Just tested that. No change at all. Thanks for the luck. I think I will need it. Lots of it.

----------

## wah

Wait - are you making these changes in /etc/conf.d/net.wlan0 or /etc/conf.d/net?  It should be in /etc/conf.d/net, as I've never seen a net.wlan0 in the conf.d folder.

----------

## czlowieq

 *wahman143 wrote:*   

> Wait - are you making these changes in /etc/conf.d/net.wlan0 or /etc/conf.d/net?  It should be in /etc/conf.d/net, as I've never seen a net.wlan0 in the conf.d folder.

 

I already tried both. I'm trying all the solutions hoping that something will help.

----------

## vicaya

What's the output of ndiswrapper -l? Did you turn on the wireless card -- some laptop has a mechanical switch.

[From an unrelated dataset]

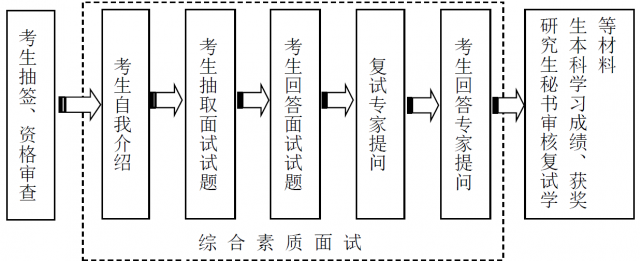 4、专业课笔试 专业课笔试由江西财经大学研究生院统一组织,总分为100分,考试时间3小时。考试时间:3月28日上午8:30-11:30。 5、英语听力、口语测试 由外国语学院负责,总分为50分,时间由学校统一安排。 6、综合素质面试安排 时 间:2021年3月30日(周二)9:00 -12:00 地 点:蛟桥园南区综合楼11楼第一会议室 面试专家:提前一天从院招生复试综合素质面试专家小组中随机抽取5人 面试流程(面试过程录像录音):

What's the output of iwconfig? iwlist wlan0 scan?

I noticed that you're trying to use WEP, which is useless anyway. I'd say turn off encryption on the AP first. I personally use no encryption at home with MAC whitelist and WPA at work (both are similar netgear routers.)

Your goal is to first get your card associated with an AP/router, then worry about ip address (static or dhcp) and security

----------

## czlowieq

I've solved this one. Just downgraded kernel to 2.5.14 and ndiswrapper to 1.2. Work great now.

----------